▶ **WORKING DATA**
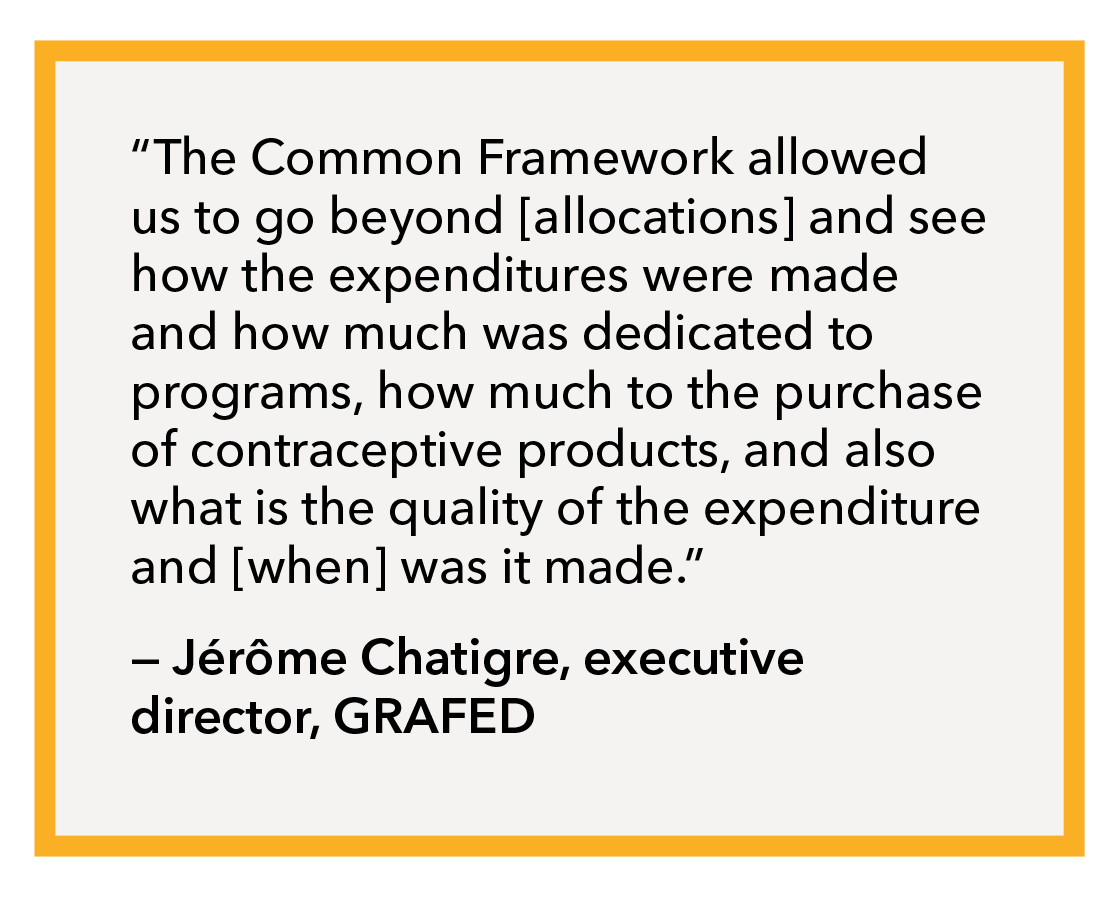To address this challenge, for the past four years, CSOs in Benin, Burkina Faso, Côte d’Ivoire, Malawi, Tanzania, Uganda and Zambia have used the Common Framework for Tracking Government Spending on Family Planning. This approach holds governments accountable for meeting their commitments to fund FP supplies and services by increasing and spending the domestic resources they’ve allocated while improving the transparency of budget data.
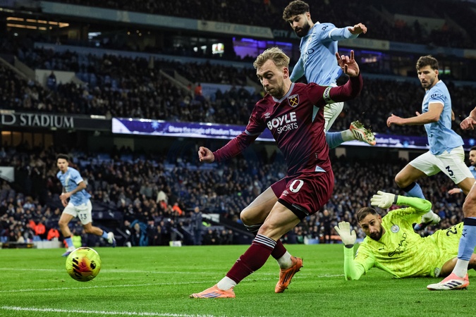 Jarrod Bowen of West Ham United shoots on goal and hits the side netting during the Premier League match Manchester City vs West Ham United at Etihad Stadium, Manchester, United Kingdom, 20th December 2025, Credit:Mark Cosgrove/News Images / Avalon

--

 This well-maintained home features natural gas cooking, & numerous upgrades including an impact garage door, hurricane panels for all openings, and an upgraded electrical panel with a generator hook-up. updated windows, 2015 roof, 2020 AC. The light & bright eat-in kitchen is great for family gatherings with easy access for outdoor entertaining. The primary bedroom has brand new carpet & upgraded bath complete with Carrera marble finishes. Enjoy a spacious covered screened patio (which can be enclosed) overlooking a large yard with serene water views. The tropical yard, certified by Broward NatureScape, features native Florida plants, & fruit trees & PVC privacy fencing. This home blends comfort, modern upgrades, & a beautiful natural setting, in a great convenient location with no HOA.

▶ **WHAT IS REQUIRED**
In the listing above, find the line with "To address this" and the line with "Jarrod Bowen of". Copy exactly those two and every line between, without the pictures.

▶ **EXERCISE RESULT**
To address this challenge, for the past four years, CSOs in Benin, Burkina Faso, Côte d’Ivoire, Malawi, Tanzania, Uganda and Zambia have used the Common Framework for Tracking Government Spending on Family Planning. This approach holds governments accountable for meeting their commitments to fund FP supplies and services by increasing and spending the domestic resources they’ve allocated while improving the transparency of budget data.
 Jarrod Bowen of West Ham United shoots on goal and hits the side netting during the Premier League match Manchester City vs West Ham United at Etihad Stadium, Manchester, United Kingdom, 20th December 2025, Credit:Mark Cosgrove/News Images / Avalon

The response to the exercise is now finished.